Home Backend Development PHP Tutorial Introduction to several methods of crawling pages with php curl_PHP Tutorial

Introduction to several methods of crawling pages with php curl_PHP Tutorial

Jul 20, 2016 am 11:11 AM
curl php host introduce to use several kinds Can us crawl data method page

Curl mainly captures data. Of course, we can use other methods to capture it, such as fsockopen, file_get_contents, etc. But it can only capture those pages that can be directly accessed. If you want to capture pages with page access control, or pages after logging in, it will be more difficult.

is to retrieve the PHP homepage and put it into a file.

Example 1. Use PHP's CURL module to retrieve the PHP homepage

 代码如下 复制代码
$ch = curl_init();
curl_setopt($ch, CURLOPT_URL, "http://localhost/mytest/phpinfo.php");
curl_setopt($ch, CURLOPT_HEADER, false);
curl_setopt($ch, CURLOPT_RETURNTRANSFER, 1); //如果把这行注释掉的话,就会直接输出
$result=curl_exec($ch);
curl_close($ch);


2. Use a proxy to crawl

Why use a proxy to crawl Woolen cloth? Take Google as an example. If you capture Google's data very frequently in a short period of time, you won't be able to capture it.
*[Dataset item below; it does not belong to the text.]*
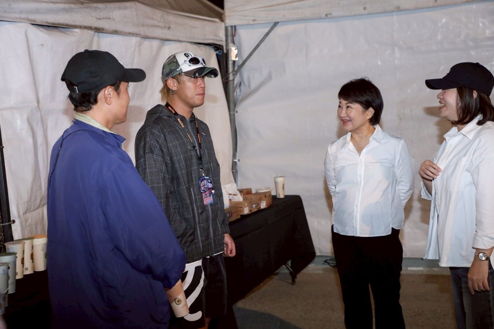 盧市長抵達彩排現場後,逐一與玖壹壹三位成員春風(洪瑜鴻)、洋蔥(陳皓宇)、健志(廖建至)握手致意,感謝他們連續兩年選擇台中舉辦大型音樂祭,成功將中央公園打造成音樂活動新地標。她笑稱:「玖壹壹是台中的驕傲,每次回娘家都帶來滿滿熱情與感動!」玖壹壹則感謝市府長期支持,讓他們每次演出都十分順利圓滿。新聞局長欒治誼與主任秘書黃冠穎亦陪同市長到場關心。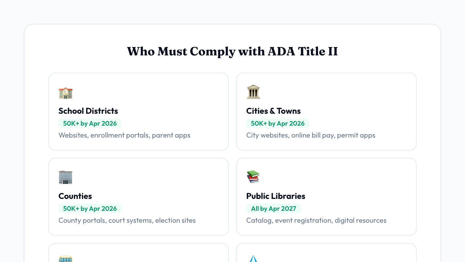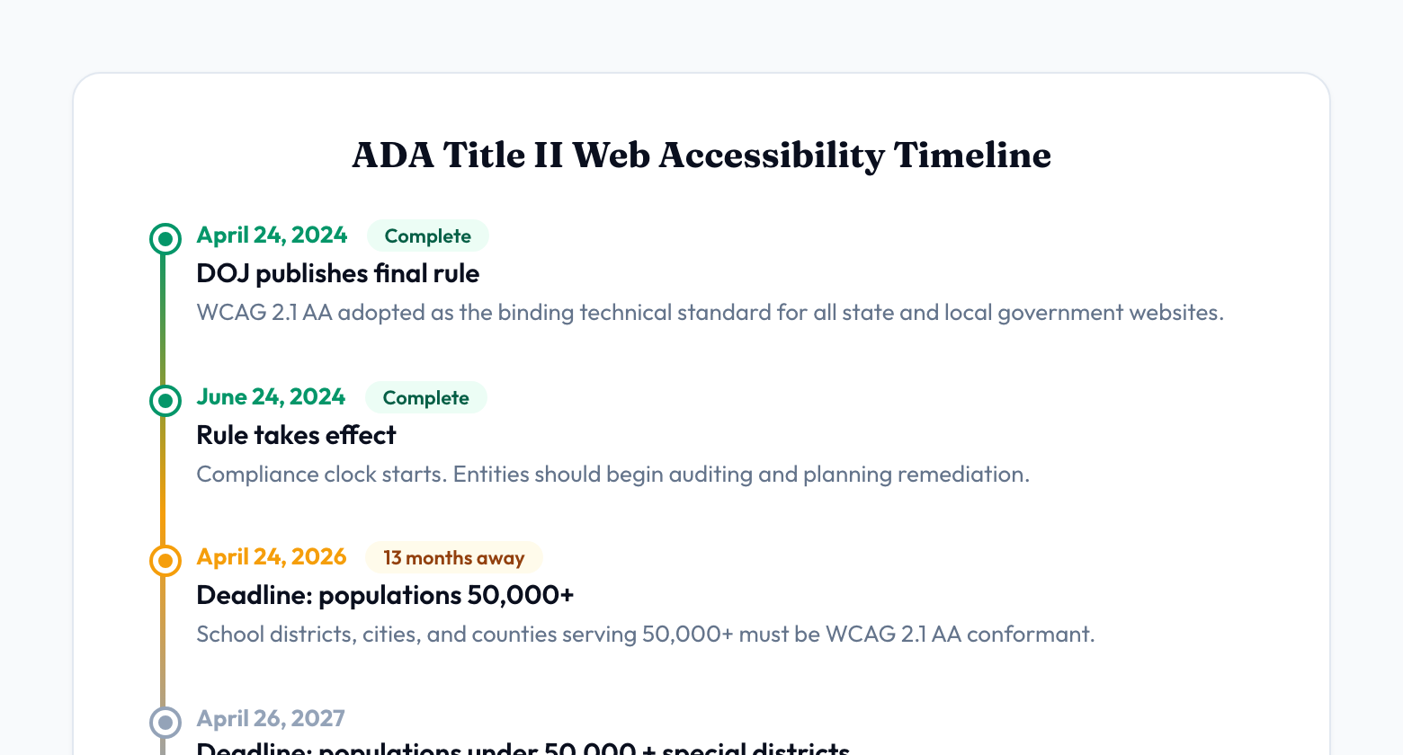 If your district or municipality falls in the first group, you have until April 2026. That is not a target date — it is a compliance deadline. After that date, a non-conforming website is a federal civil rights violation.

When Google restricts your IP address, you can change the proxy and crawl again.

The code is as follows Copy code
代码如下 复制代码
$ch = curl_init();
curl_setopt($ch, CURLOPT_URL, "http://www.hzhuti.com");
curl_setopt($ch, CURLOPT_HEADER, false);
curl_setopt($ch, CURLOPT_RETURNTRANSFER, 1);
curl_setopt($ch, CURLOPT_HTTPPROXYTUNNEL, TRUE);
curl_setopt($ch, CURLOPT_PROXY, 125.21.23.6:8080);
//url_setopt($ch, CURLOPT_PROXYUSERPWD, 'user:password');如果要密码的话,加上这个
$result=curl_exec($ch);
curl_close($ch);
?>
$ch = curl_init();

curl_setopt($ch, CURLOPT_URL, "http://www.hzhuti.com");

curl_setopt($ch, CURLOPT_HEADER, false);

curl_setopt($ch, CURLOPT_RETURNTRANSFER, 1);

curl_setopt($ch, CURLOPT_HTTPPROXYTUNNEL, TRUE);
 代码如下 复制代码

$ch = curl_init();
/*在这里需要注意的是,要提交的数据不能是二维数组或者更高
*例如array('name'=>serialize(array('tank','zhang')),'sex'=>1,'birth'=>'20101010')
 *例如array('name'=>array('tank','zhang'),'sex'=>1,'birth'=>'20101010')这样会报错的*/
 $data = array('name' => 'test', 'sex'=>1,'birth'=>'20101010');
 curl_setopt($ch, CURLOPT_URL, 'http://localhost/mytest/curl/upload.php');
 curl_setopt($ch, CURLOPT_POST, 1);
 curl_setopt($ch, CURLOPT_POSTFIELDS, $data);
 curl_exec($ch);
 ?>在 upload.php文件中,print_r($_POST);利用curl就能抓取出upload.php输出的内容Array ( [name] => test [sex] => 1 [birth] => 20101010 )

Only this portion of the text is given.